20 feb. 2010

Mensaje de Cuaresma del P. Laurence, 19 de Febrero



Cierta vez unos aguafiestas preguntaron a Jesús por qué sus discípulos no ayunaban. Su respuesta fue que no se ayuna cuando el novio aún se encuentra presente en la fiesta de la boda. Cuando se termina la fiesta, entonces se puede ayunar. ¿Qué es el ayuno? ¿Significa que se acabó la fiesta durante la Cuaresma? (Excepto los domingos - como sucede con algunas tradiciones cristianas que levantan el ayuno en el día de la Resurrección).
El ayuno es el equilibrado auto-control y la libre dedicación a la moderación. No se trata de infligirse sufrimiento por que sí. Pero si provenimos de un lugar de exceso o de ilusión, el viaje de vuelta al equilibrio y la realidad no será fácil. Nuestra actual crisis económica nos lo dice con suficiente claridad.

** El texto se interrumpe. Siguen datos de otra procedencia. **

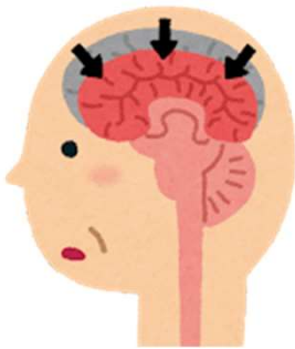
・アルツハイマー病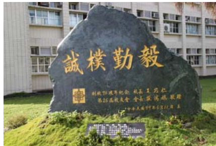
【上左照片】葉日陞校長（中）主持新任（27 屆）校友會長賴有來先生（左）與卸任（26 屆）校友會長莊清祺先生之交接儀式，感謝裝會長一年來對學校的協助，尤其校訓石的捐贈，讓所有校友與在校師長能時時勉勵；也期望校友會在賴會長代領下，繼續給予學校支持與鼓勵。 【上右照片】莊清其會長捐贈之校訓石雕。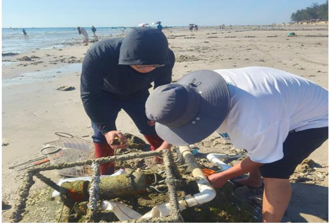
工作人员在更换加固海底潜水泵输水软管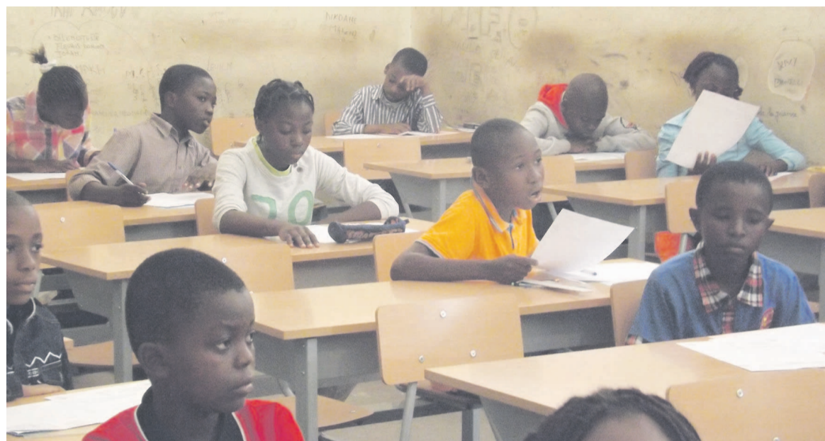
Les candidats dans une salle d'examen à Brazzaville./Crédit photo Arnel Mambou

Au total 580 candidats se sont inscrits à ce concours pour seulement 60 places réservées. Pour le département de Brazzaville, sur les 156 inscrits, 150 se sont présentés ce matin. A l'issue de ce concours qui se déroule sur toute l'étendue du territoire national, cinq meilleurs élèves seront retenus par département. Interrogé sur le nombre de places réservées à chaque département, le ministre Anatole Collinet Makosso estime que l'objectif est la recherche de l'excellence, la crème, l'élite. « Nous ne sommes pas pour la massification des diplômés, nous sommes pour la recherche de l'excellence, la qualité. Nous avons beau être intelligents mais nous n'avons pas tous les mêmes aptitudes, il faut toujours que vous puissiez admettre que parmi nous il y a les plus brillants et c'est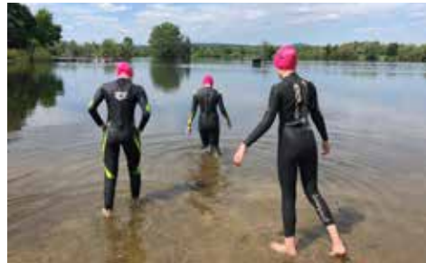
Schwimmen mit Neo

Alle Sportler hatten ab Mitte März das gleiche Problem: Sie konnten nicht mehr wie gewohnt trainieren. Die Schwimmbäder wurden geschlossen, sowie die Turnhallen. Am meisten Glück hatten noch die Leichtathleten und Läufer, da diese am besten draußen trainieren konnten. Das war aber auch bald vorbei, da es verboten wurde, in Gruppen zu trainieren, und so hatten alle Sportler ein Problem. So hieß es, eine Alternative zu finden. So bekamen wir Schwimmer Athletikübungen und die Aufgabe, allgemein Sport zu machen. Ab Mitte Mai durften sich dann wieder Grup-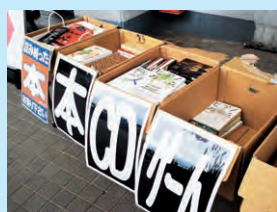
回収ブースのイメージ

市内での地域活動としては、本市初のJリーグチームをめざすSC相模原に対し、23年末から「ボランティア宅本便」という宅配買い取りシステムを通して本やCD、DVD、ゲームソフトの買い取り金額を寄付し、活動の運営を応援しています。また24年夏頃には、同チームがホームスタジアムとする相模原麻溝公園競技場で行われる公式戦で、サポーター等に不要な本などを寄付してもらう回収ブースを設置して、同社が買い取った金額がSC相模原の活動を支えるというイベントも予定しています。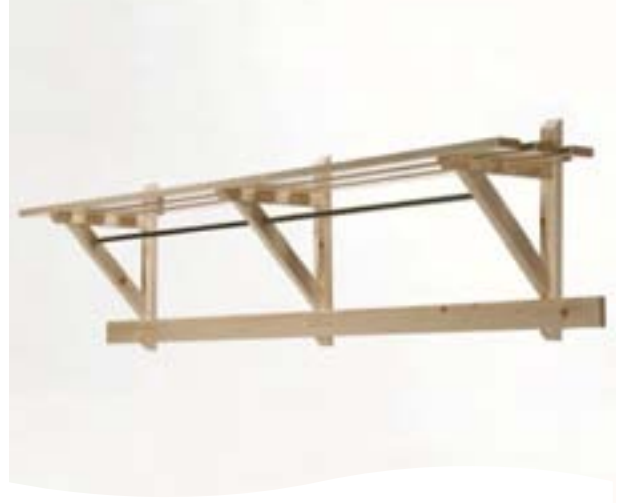
PERCHERO CON SOPORTE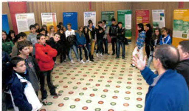
Visita d'un grup del SES a l'exposició

La tarda va començar amb l'arribada de la senyera ja que la flama no va poder entrar a la sala annexa de la Casa Rosa (hi havia previsió de pluja i vam decidir de traslladar els actes). En va fer la recepció l'alcalde i el regidor de Cultura. Després de la lectura del manifest, el grup d'animació Corrandes va oferir-nos un entretingut repertori que es va cul-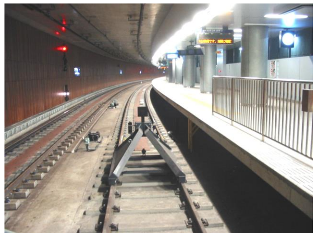
ホーム下待避スペース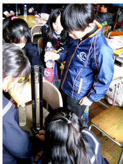
正法寺川の水の透視度検査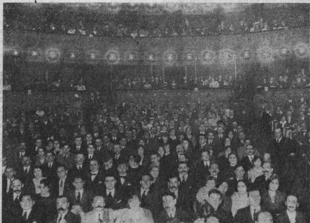
LA SALA DEL TEATRO VICTORIA DURANTE LA REPRESENTACIÓN.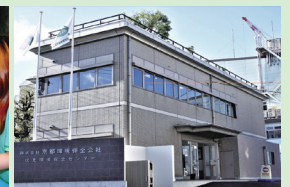
京都環境保全公社株式会社(本社)

Pero ¿qué pasa con el tiempo festivo de la vida? ¿No pasa la religión siempre y demasiado por el dolor y el sufrimiento? ¿Qué hay de la diversión? Incluso si tomaras una pastilla de éxtasis todos los días y bailaras toda la noche todas las noches, la diversión se desvanecería y cobraría su precio. Los efectos de daño cerebral serían el precio de la diversión sin fin.
Hay dos niveles en todo esto. En primer lugar, la vida tiene un espectro de placer, banalidad y dolor. El ciclo en torno al cual gira ésto es variable y, aunque puede estar influenciado - vivir sabiamente aumenta la felicidad - no puede controlar totalmente el futuro. El otro nivel es la dimensión espiritual en el que la felicidad no condicionada del Espíritu absorbe y transforma el dolor. Allí, la fiesta realmente continua por siempre. La Cuaresma nos entrena a través de una conciencia mayor, a acercar estos dos niveles en una mejor relación. Podrían no llegar a permanecer unidos por siempre, pero al menos los efectos del mejoramiento de la relación - la claridad, el equilibrio, la felicidad, la flexibilidad y la libertad - serán verdaderamente experimentados y compartidos.
Así que tal vez Jesús quiso decir que el novio está aquí y no está aquí. En la vida interior la Cuaresma no dura sólo cuarenta días. Si esto no parece tener sentido para nosotros, mantengamos nuestra meditación diaria de todos modos.